__Problem__
When you copy from the entries that follow, take only the lines from the one with "Begane grond: afgesloten" down to the one with "市販のだし巻き卵はやわらかい", keeping both ends and dropping every picture.

__Information shown__
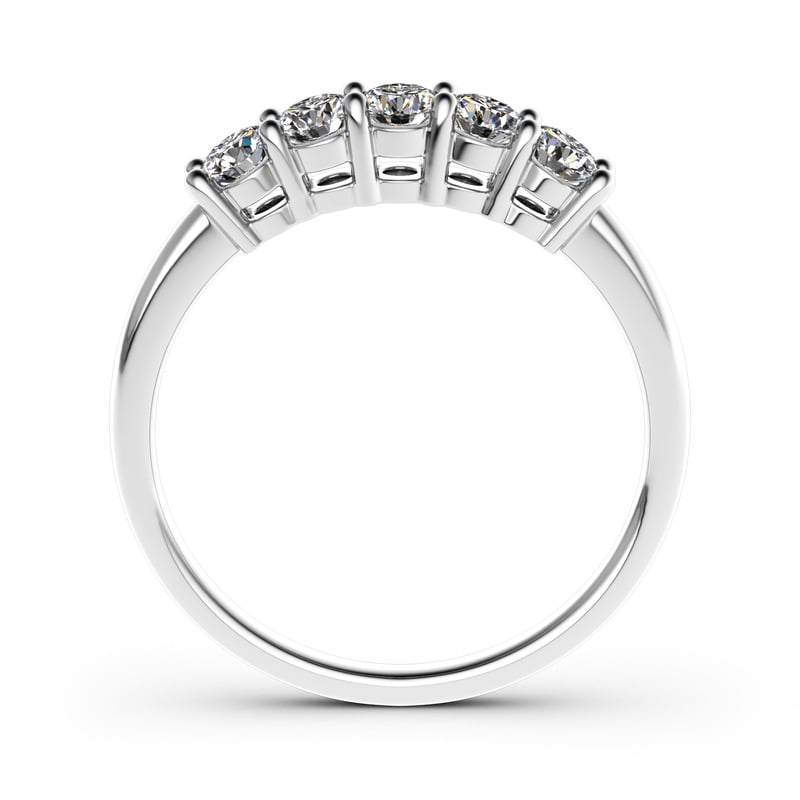 This elegant women's band is the epitome of sophistication. Five round stones sparkle perfectly from every angle, making this band an eye-catcher everywhere. Lovely alone or paired with your engagement ring, this elegant band will be cherished for a lifetime.
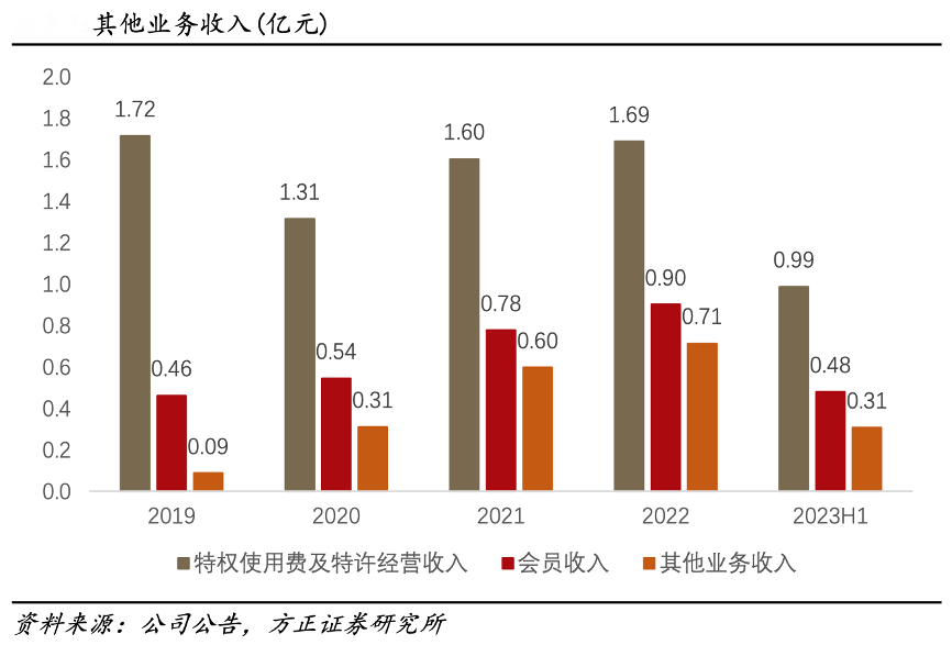經(jīng)典案例:根據(jù)公司公告、方正證券研究所等綜合資訊表明,百果園會員收入的占比逐年提高,特許權(quán)使用費及特性經(jīng)營收入逐漸恢復(fù)至疫情前水平。其會員收入主要指 18 年開始的“心享” 付費會員計劃,消費者可選擇 99 元的基本套餐或 199 元的升級套餐獲得優(yōu)惠券與會員折扣。
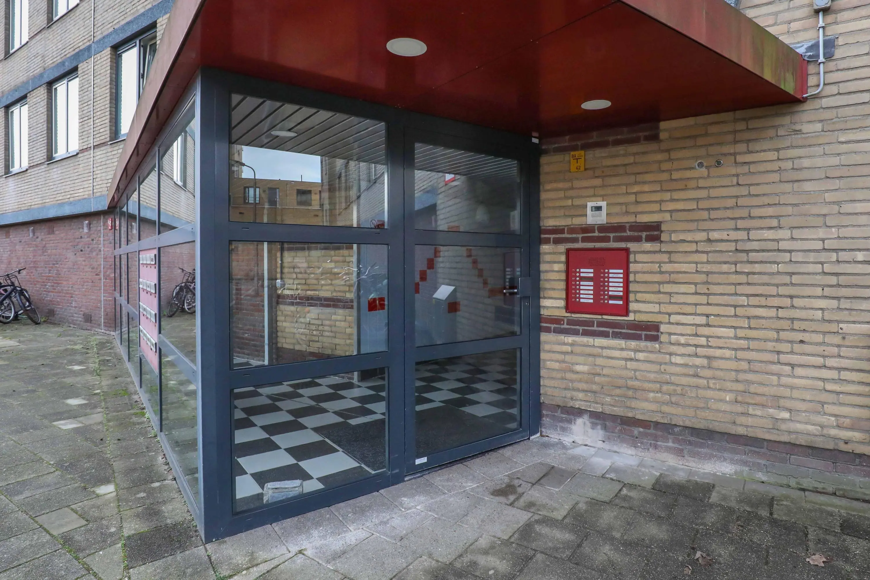 Begane grond: afgesloten entree met brievenbussen, bellentableau, toegang tot de bergingen op de begane grond en lift en trapopgang naar de verdiepingen.
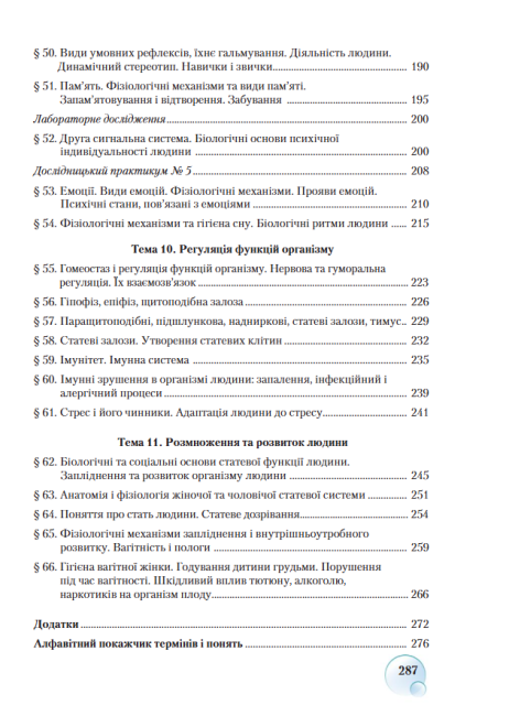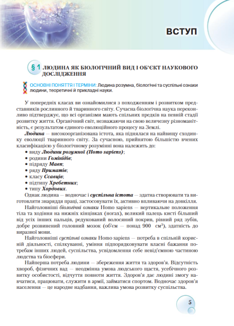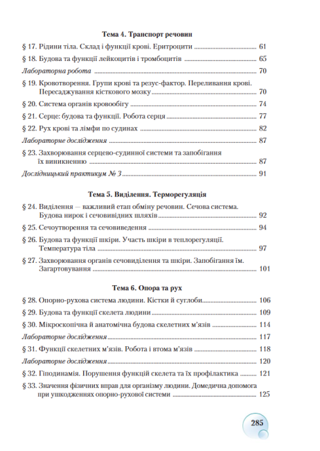 Підручник також розкриває важливі процеси життєдіяльності організму, пояснюючи механізми, які забезпечують підтримку здоров'я і нормальну функцію тіла. Окрім цього, в ньому детально висвітлюються механізми взаємодії організму людини з довкіллям, що сприяє розвитку екологічної свідомості учнів та допомагає їм усвідомити важливість гармонії між людиною і природою.
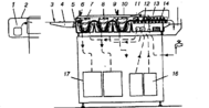 Секция сушки. В секции сушки 11 с поверхности пленки удаляется влага, после чего пленку можно сразу же брать в руки. В секции установлен центробежный вентилятор 14 с вмонтированным нагревателем и распределительные воздухопроводы один над одним под несущим каркасом.
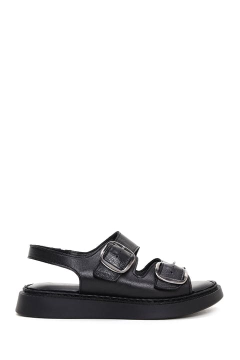 Kadın Siyah Bilekten Bantlı Çift Tokalı Deri Comfort Sandalet
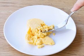 市販のだし巻き卵はやわらかいのでスプーンやフォークで容易につぶせます。食べる方に合わせて、食べやすい形状に崩します。
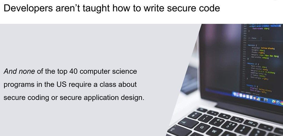 หนึ่งในหลักการสำคัญของ Shift Left คือ “ทำให้โปรแกรมเมอร์เขียนซอร์สโค้ดที่ปลอดภัย” เพราะหากโค้ดที่เขียนมาตั้งแต่แรกไม่มีความปลอดภัย ช่องโหว่จำนวนมากก็จะไม่เกิดขึ้นเลย การเขียนโค้ดให้ปลอดภัยไม่ใช่แค่เรื่องของทักษะ แต่ยังต้องมี เครื่องมือที่ช่วยแนะนำและตรวจสอบแบบเรียลไทม์ ซึ่งจะช่วยลดการเกิด vulnerability ได้ตั้งแต่ยังไม่ push ขึ้น Git ด้วยซ้ำ และจากผลงานวิจัยเผยว่า ไม่มีมหาวิทยาลัยท๊อป 40 ในสหรัฐอเมริกา ที่บังคับให้นักศึกษาเรียนเรื่อง Secure Coding หรือ Secure Application Design (เอ…แล้วในไทยจะเป็นอย่างไรหนอ ส่ง DM มาพูดคุยกันได้นะครัช)
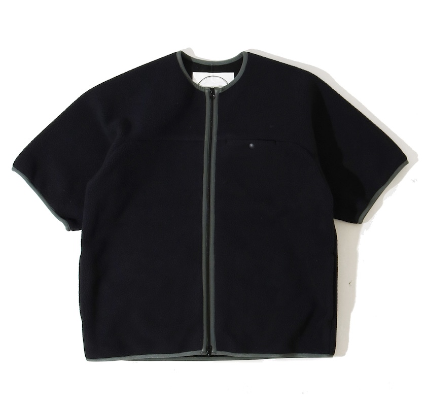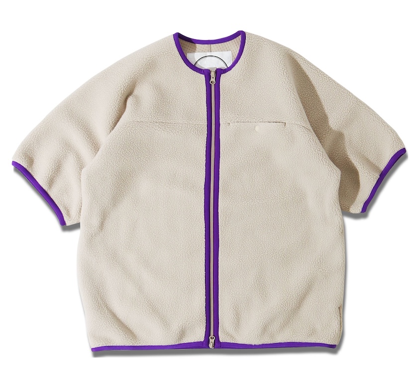 襟元・前立て・袖口・襟元と、淡いカラーで彩ったパイピングがポイント。レトロなアウトドアウエアがデザインソースで、レイヤードが楽しめるようにショートスリーブタイプにデザインされています。

__Answer section__
 Begane grond: afgesloten entree met brievenbussen, bellentableau, toegang tot de bergingen op de begane grond en lift en trapopgang naar de verdiepingen.
 Підручник також розкриває важливі процеси життєдіяльності організму, пояснюючи механізми, які забезпечують підтримку здоров'я і нормальну функцію тіла. Окрім цього, в ньому детально висвітлюються механізми взаємодії організму людини з довкіллям, що сприяє розвитку екологічної свідомості учнів та допомагає їм усвідомити важливість гармонії між людиною і природою.
 Секция сушки. В секции сушки 11 с поверхности пленки удаляется влага, после чего пленку можно сразу же брать в руки. В секции установлен центробежный вентилятор 14 с вмонтированным нагревателем и распределительные воздухопроводы один над одним под несущим каркасом.
 Kadın Siyah Bilekten Bantlı Çift Tokalı Deri Comfort Sandalet
 市販のだし巻き卵はやわらかいのでスプーンやフォークで容易につぶせます。食べる方に合わせて、食べやすい形状に崩します。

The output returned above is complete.